Was it frustration over the rest of the band insufficiently accompanying his descent into territories unknown during Wolfman’s? Was it the party atmosphere of Las Vegas finally getting the best of Phish after two long nights, or the ghost of the Velvet Underground haunting the hippies that dared disturb their rest? Did Trey just have to go to the bathroom? We’ll probably never know, but it left behind an unnerving impression that was all too appropriate for the holiday and the guests of honor. After flirting with the darkness of the Velvets on the year’s most devilish night, it wouldn’t be easy to shake off the after-effects.
* - Mostly by putting the clumsy “heavenly wine and roses” bridge back in Sweet Jane, which – sorry, Lou – is a downgrade.

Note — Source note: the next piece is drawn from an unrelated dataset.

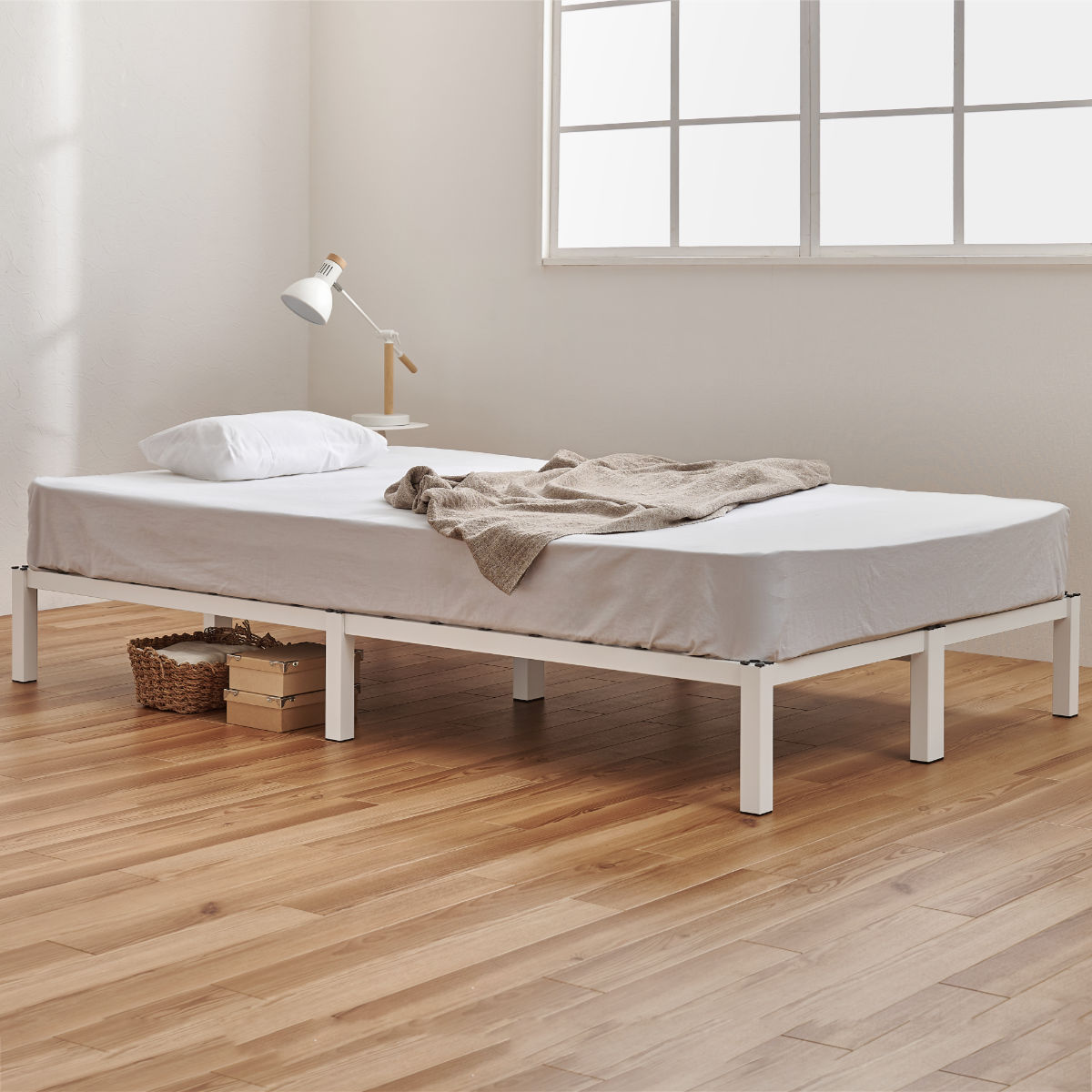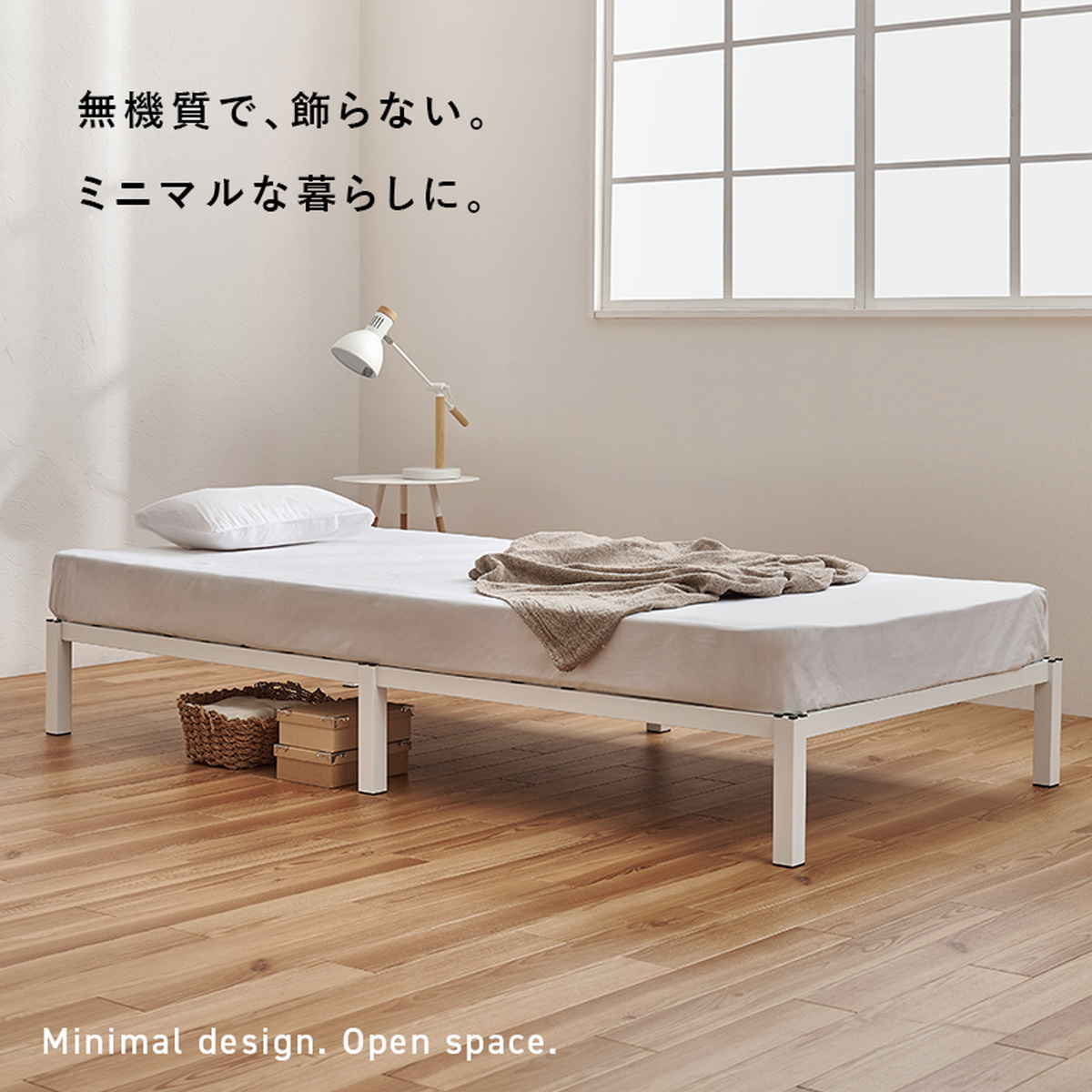 傷やサビに強く、耐久性のあるスチール素材を使用したベッドです。ネジ頭が見えない設計で、見た目もすっきり、無駄のないシンプルデザインがお部屋を広く見せ、インテリアに自然に馴染みます。

** - It’s already a reasonable set length and it would have been cheating, but Phish definitely could also have included “I’m Sticking With You” – with Fish vocals and vacuum solo, natch – and “Ocean,” a song they would absolutely murder…it’s the VU’s Piper.
*** - Armchair quarterbacking, but if they had simply taken the middle stretch of this Wolfman’s into the fall’s first 2001, it would have produced a unanimously legendary set instead of this hotly-debated one.
Personal milestone for this show — while I wasn’t in attendance, this was my first Couch Tour experience. I tried and failed miserably watching their previous webcast (8/1/98 Alpine) on my parents’ dialup AOL connection, but had no issues watching this show live via my college’s ethernet. It was truly one of those rare “holy shit, we’ve reached the future” experiences.
I love the Halloween ‘98 Wolfman’s Brother. I might feel differently if I attended this show. I think it’s the spookiest thing, musically speaking, the band has ever performed on October 31st. It’s incredibly bold in retrospect that Phish, arguably at their pinnacle of their popularity and performing on a showcase date, would unleash 30 minutes of music that so quickly abandons the structure of Wolfman’s Brother and then dispenses with song structure altogether. And we’re certainly not talking a “conventional” type 2 jam which is often still a very busy and insistently rhythmic affair. The “Type 3” moniker never really stuck, but I think this is an archetypal example of this jam style in action. Woozy, unhurried, disconnected, uncomfortably devoid of identifiable tempo, key, or measure, a truly ambient walkabout with no map, no compass, and no destination in mind. Fear and loathing and smooth atonal sounds in Las Vegas.
As you note, and has been speculated online for years, it obviously doesn’t seem like all the band is on board with this abstraction on one of the brightest spotlight nights on the Phish calendar. Trey’s end of set walk-off is unprecedented as far as I know, and a tell that something is not quite in alignment here. Vegas party favors playing tricks? Impatient band mates not enthused about recreating the candlelight Lemonwheel ambient set in front of a jacked-up Sin City crowd? I guess the source of this awkward tension will have to stay in Vegas. As usual Rob, a well-researched and deep recap of a momentous show.